EXERCISE BRIEF:
Copy every line from the one that holds "Crofton House 旨在为学生提供根据最新知识和丰富经验得出的指导" to the end of the records below, exactly and with nothing else, but without any pictures.

[Extracted data entries]
------------------------------------------------

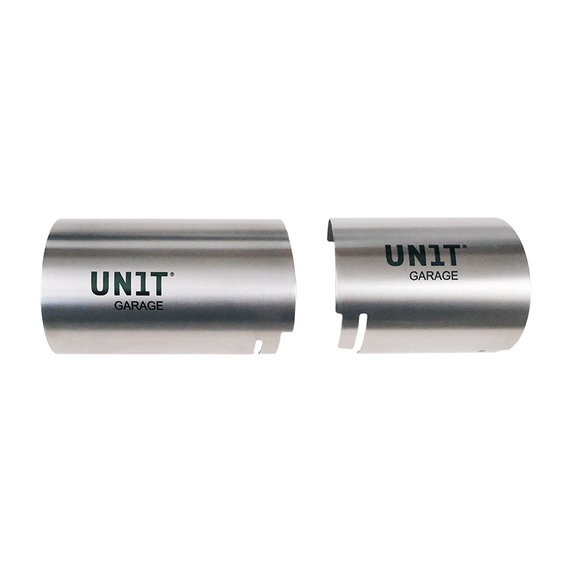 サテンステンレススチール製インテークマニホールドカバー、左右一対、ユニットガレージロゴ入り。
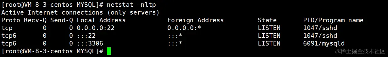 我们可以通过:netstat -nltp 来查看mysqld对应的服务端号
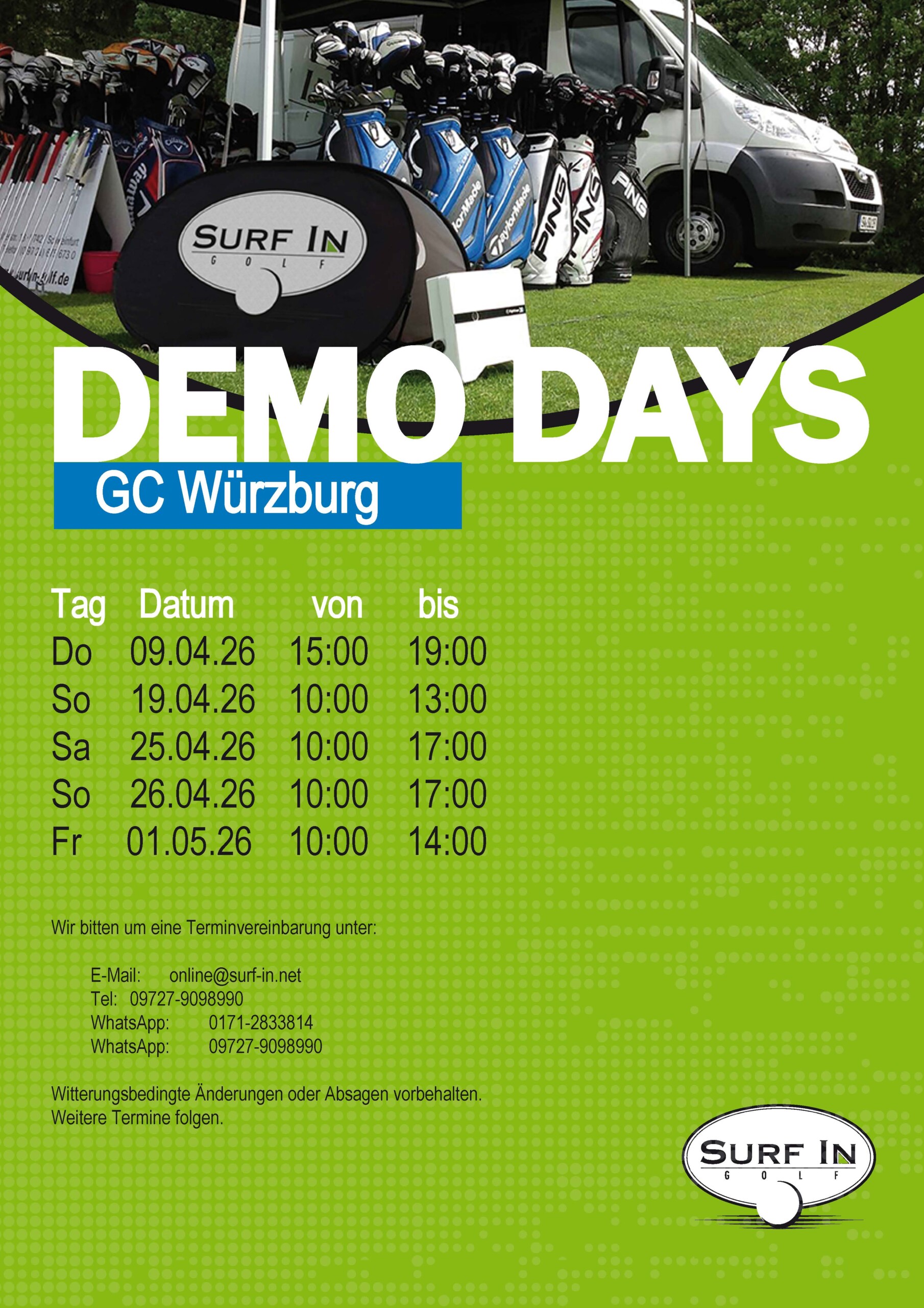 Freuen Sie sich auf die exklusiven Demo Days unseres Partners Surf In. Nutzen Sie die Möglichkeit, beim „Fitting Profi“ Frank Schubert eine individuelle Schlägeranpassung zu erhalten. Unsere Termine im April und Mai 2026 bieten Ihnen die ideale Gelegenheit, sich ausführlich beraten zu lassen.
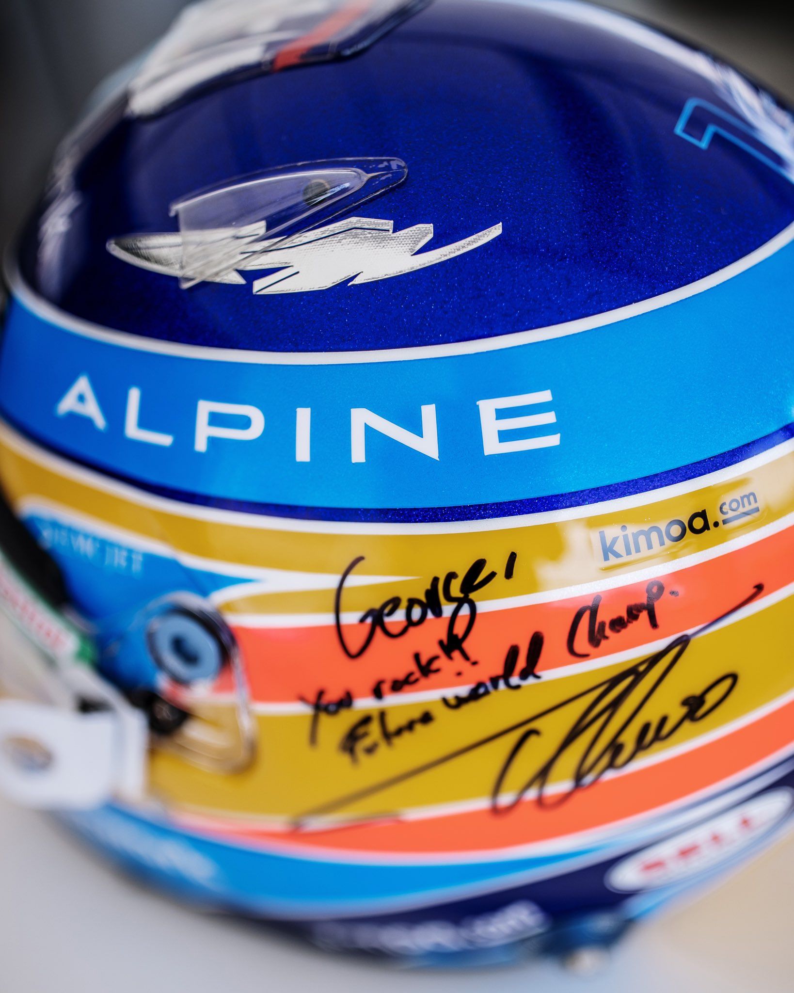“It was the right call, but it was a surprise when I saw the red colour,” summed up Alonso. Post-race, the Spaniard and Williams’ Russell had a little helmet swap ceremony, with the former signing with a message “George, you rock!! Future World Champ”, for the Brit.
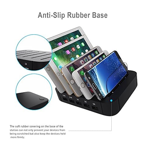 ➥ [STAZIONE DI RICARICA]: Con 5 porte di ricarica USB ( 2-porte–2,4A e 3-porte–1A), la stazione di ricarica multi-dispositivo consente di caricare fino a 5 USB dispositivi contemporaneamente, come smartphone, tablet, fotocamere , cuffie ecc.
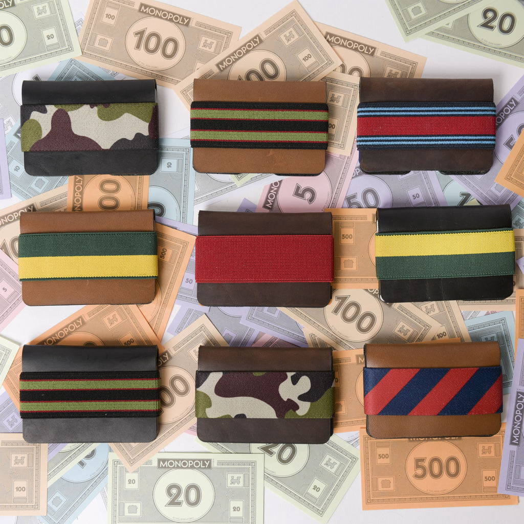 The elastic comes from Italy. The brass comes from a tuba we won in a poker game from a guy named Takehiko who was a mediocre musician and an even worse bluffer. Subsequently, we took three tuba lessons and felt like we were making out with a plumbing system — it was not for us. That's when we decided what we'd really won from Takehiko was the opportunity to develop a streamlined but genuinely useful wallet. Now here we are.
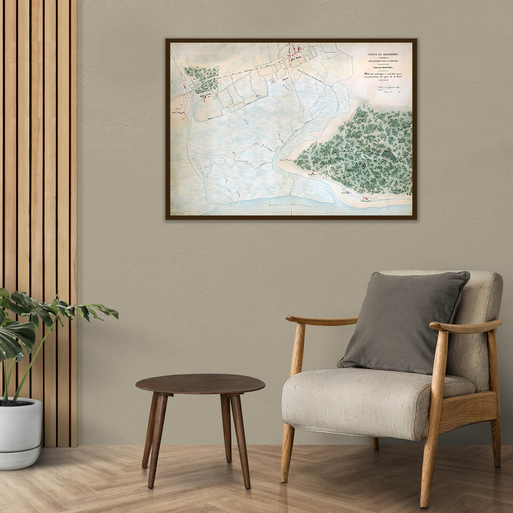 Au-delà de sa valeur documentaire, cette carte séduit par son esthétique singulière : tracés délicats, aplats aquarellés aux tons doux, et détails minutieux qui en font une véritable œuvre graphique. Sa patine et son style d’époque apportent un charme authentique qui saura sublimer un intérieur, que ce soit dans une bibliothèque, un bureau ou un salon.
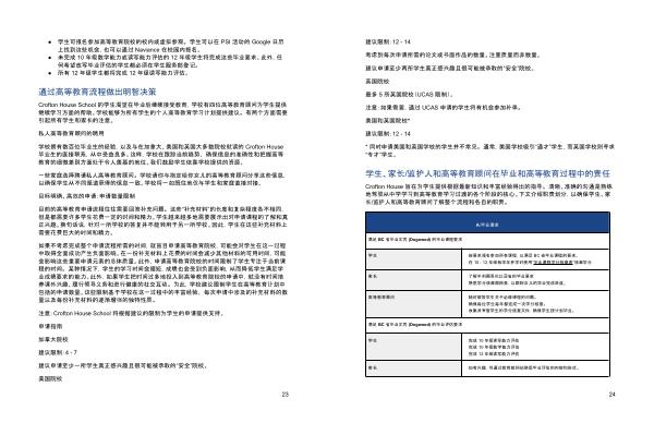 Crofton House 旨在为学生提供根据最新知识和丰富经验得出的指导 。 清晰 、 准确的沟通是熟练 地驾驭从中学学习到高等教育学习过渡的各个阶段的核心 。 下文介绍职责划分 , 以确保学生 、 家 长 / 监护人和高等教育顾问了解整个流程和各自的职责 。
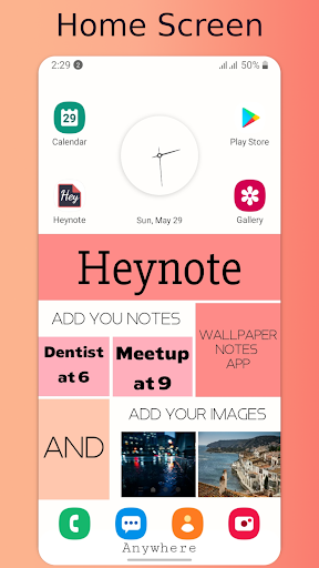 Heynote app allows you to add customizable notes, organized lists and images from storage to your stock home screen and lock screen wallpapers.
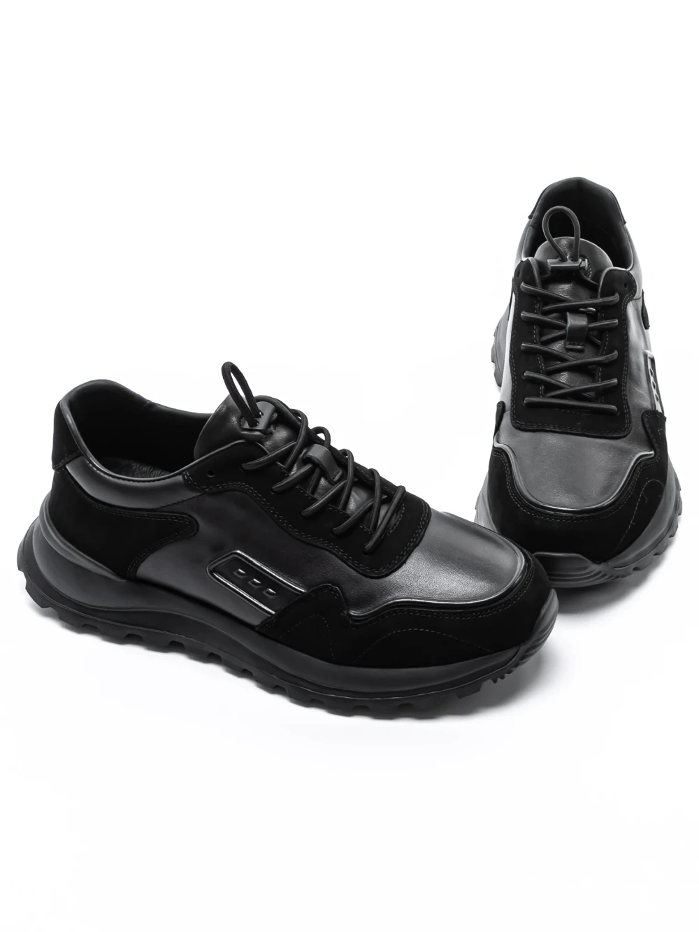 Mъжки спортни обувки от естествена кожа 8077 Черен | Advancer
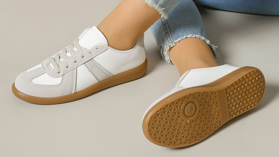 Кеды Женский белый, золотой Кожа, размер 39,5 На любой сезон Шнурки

------------------------------------------------

TASK ANSWER:
 Crofton House 旨在为学生提供根据最新知识和丰富经验得出的指导 。 清晰 、 准确的沟通是熟练 地驾驭从中学学习到高等教育学习过渡的各个阶段的核心 。 下文介绍职责划分 , 以确保学生 、 家 长 / 监护人和高等教育顾问了解整个流程和各自的职责 。
 Heynote app allows you to add customizable notes, organized lists and images from storage to your stock home screen and lock screen wallpapers.
 Mъжки спортни обувки от естествена кожа 8077 Черен | Advancer
 Кеды Женский белый, золотой Кожа, размер 39,5 На любой сезон Шнурки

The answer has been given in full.